GTBank has created a business that will stand the test of time because, through the art of building people and building institutional processes that outlive the founders. Trokya has created a West African communication behemoth with a rare (for these climes) succession-planning framework that has solidified its leadership, and in the process expanded the possibilities for young people in the media, and ensured its sustainability.

Then there is House is Tara. Everyone loves Tara. Everyone respects Tara. But it is important as she turns 40 this week, for that story to be put in proper perspective: this isn’t just a woman who did something beautiful and created a brand and business Nigerians are proud of.

With House of Tara, she created an entire vista of opportunities – and opened up a sector’s deep potential for a generation of women and men.

Proper structure, a respected board, trainings in the best institutions, exchange programmes, a professional brand identity, and the professionalism of makeup spaces became evidence of high standards; you could drive your official House of Tara car and proudly back it beside the official car from Union Bank. And it became possible for other brands to follower her lead and expand the space – Sleek, Zaron, and a chain of international franchises.

Along the line, she also made it fashionable to be a young woman in business, a young Christian in business, and for younger women and men to believe that it is possible in this time and in this age to run a high-powered business and still run a successful home, be active in personal faith and find time for fun and laughter.

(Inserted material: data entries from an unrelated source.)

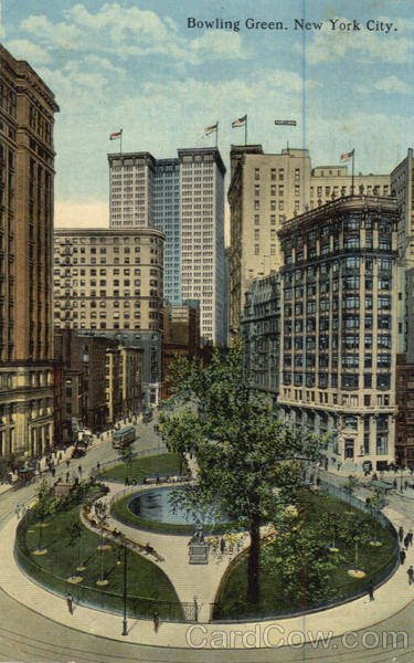 The Bowling Green is located at the foot of Broadway and is the city's oldest park. In 1626 it was used as a drill ground in front of Fort Amsterdam. In 1776 an equestrian statue made of lead of King George III was set up in the center of Bowling Green but on July 9th of the year it was torn down and made into bullets for the use of patriots. It is now the center of the most important business district in the city |
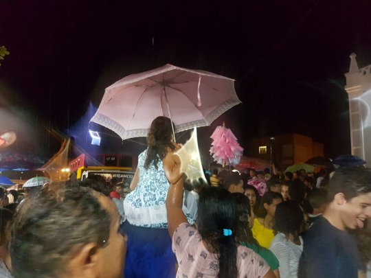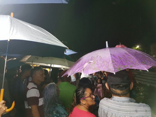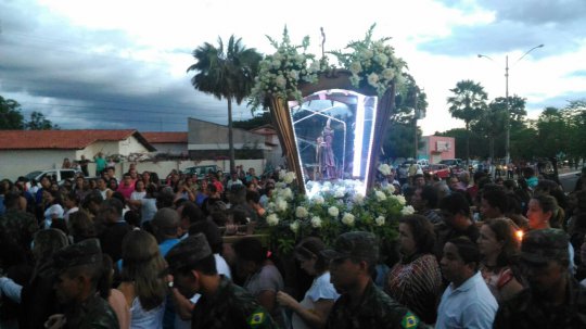 A imagem de Santo Antônio cruza chega agora próximo ao Fórum. Uma leve chuva cai em Campo Maior neste momento. Os fiéis seguem a procissão mesmo com a chuva.
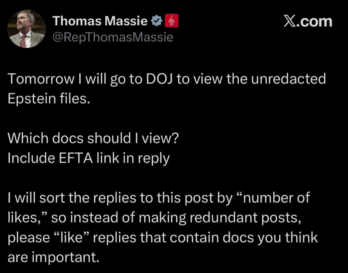 Rep Massie to view UNREDACTED Epstein files
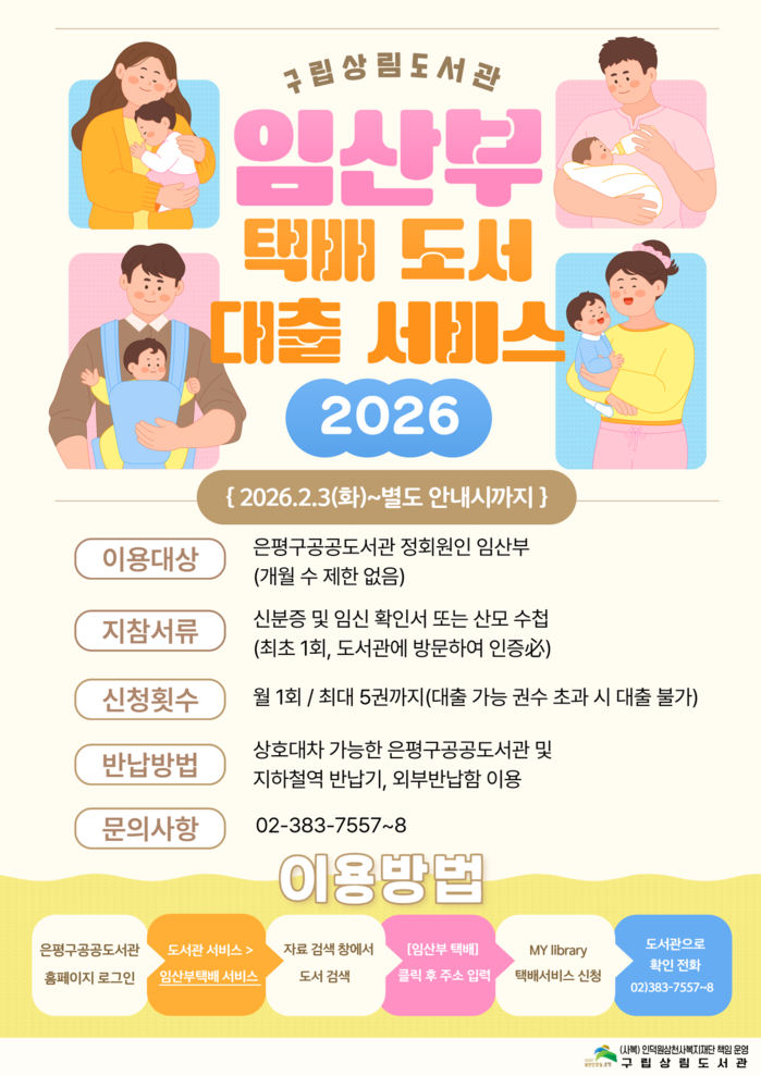 “임산부 택배 도서 대출 서비스”는 2월 3일(화)부터 별도 안내시까지 운영하며 임신 개월 수에 관계없이 임신 이후부터 출산 전까지의 임산부가 이용이 가능하다. 신청 가능한 자료는 도서관 소장자료 중 관외 대출이 가능한 도서이며, 1인당 5권씩 이용할 수 있다.

To a life of plenty firsts, I say congratulations. To a woman of intimidating brilliance, I say congratulations.

Thank you for helping me, and generations of young Nigerians, believe in themselves and in the power of their dreams. Specifically for making it easy for me to believe I could run a business – and to actually do it.

That is your most powerful legacy.

And you did it all before you were even 40.

What a life.

Jideonwo is a storyteller, using the research and evidence on human flourishing to inspire new narratives about politics, markets, faith, identity and society in Africa. He is a co-founder of RED, which he ran for 13 years before stepping down in December 2017. One of its companies, StateCraft Inc. handled communication for the Muhammadu Buhari campaign in 2015 and has worked in elections in Ghana, Kenya, Liberia, and Sierra Leone.